──────── Data provided
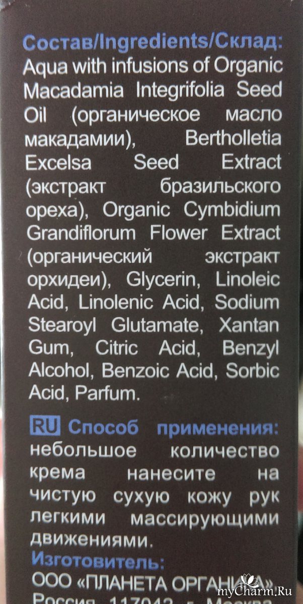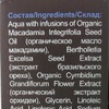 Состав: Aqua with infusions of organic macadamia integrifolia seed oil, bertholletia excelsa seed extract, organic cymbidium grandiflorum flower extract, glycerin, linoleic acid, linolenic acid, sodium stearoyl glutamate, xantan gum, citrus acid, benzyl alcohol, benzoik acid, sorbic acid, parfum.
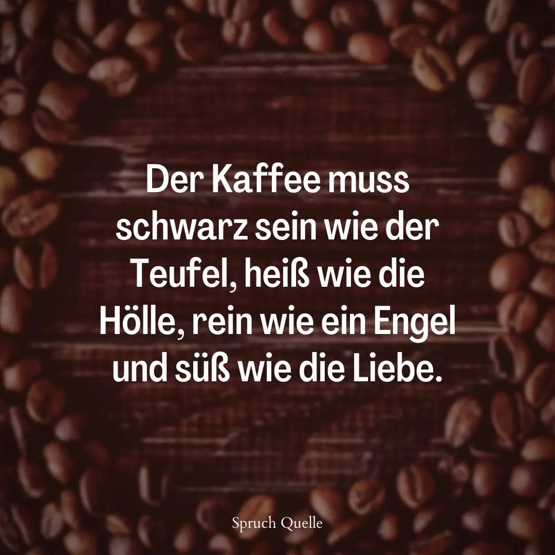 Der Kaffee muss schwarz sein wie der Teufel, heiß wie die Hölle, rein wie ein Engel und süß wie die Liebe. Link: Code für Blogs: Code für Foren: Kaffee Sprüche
────────────────
──────── Data provided
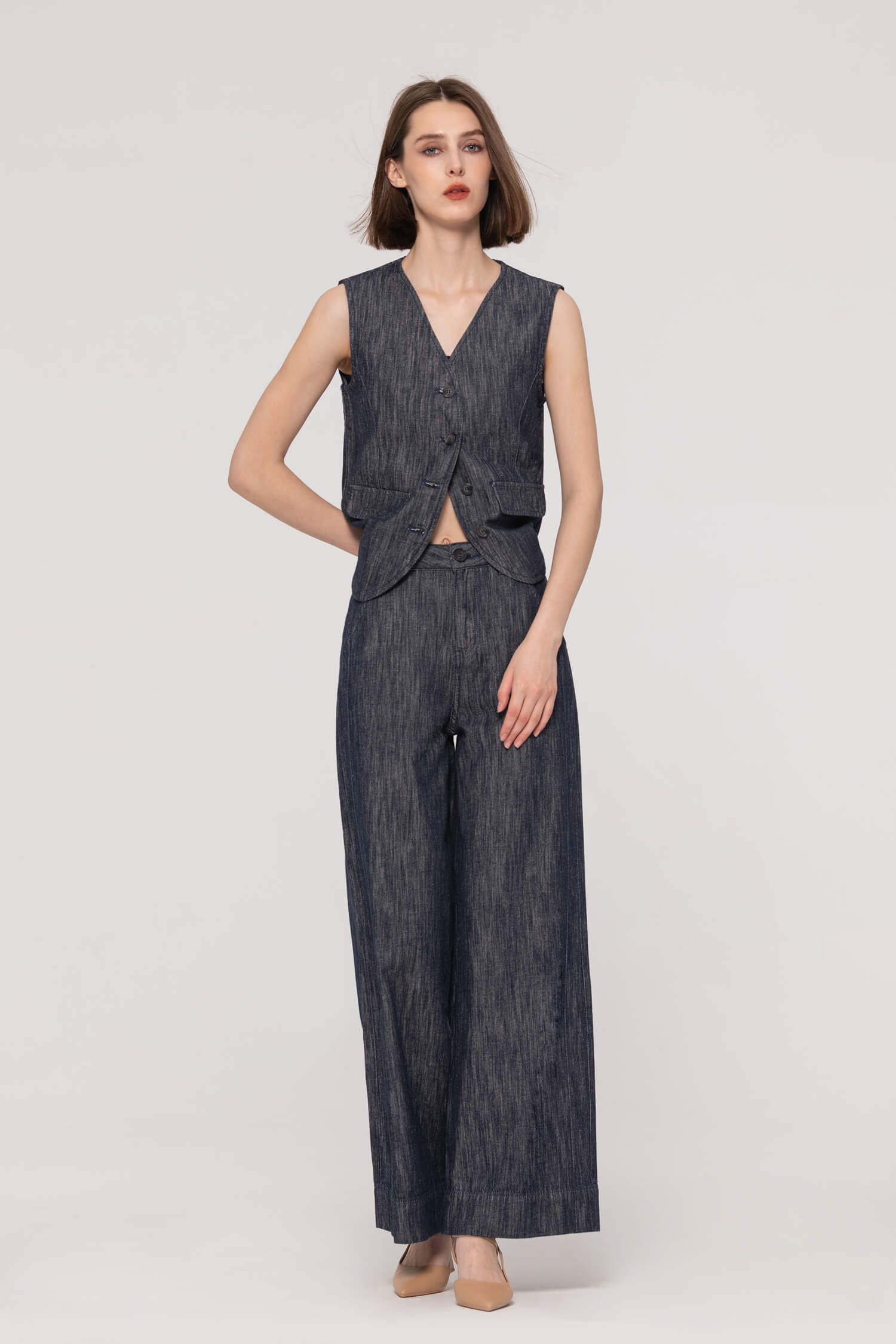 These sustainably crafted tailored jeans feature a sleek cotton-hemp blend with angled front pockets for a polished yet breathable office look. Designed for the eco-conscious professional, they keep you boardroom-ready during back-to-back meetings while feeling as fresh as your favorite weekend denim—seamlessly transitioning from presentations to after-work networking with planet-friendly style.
────────────────
* [Exercise brief] Would you give again, exactly, the lines in the data above that run from the line containing "Состав: Aqua with" to the line containing "Der Kaffee muss"? Include both ends and no pictures.

* [Answer box]
 Состав: Aqua with infusions of organic macadamia integrifolia seed oil, bertholletia excelsa seed extract, organic cymbidium grandiflorum flower extract, glycerin, linoleic acid, linolenic acid, sodium stearoyl glutamate, xantan gum, citrus acid, benzyl alcohol, benzoik acid, sorbic acid, parfum.
 Der Kaffee muss schwarz sein wie der Teufel, heiß wie die Hölle, rein wie ein Engel und süß wie die Liebe. Link: Code für Blogs: Code für Foren: Kaffee Sprüche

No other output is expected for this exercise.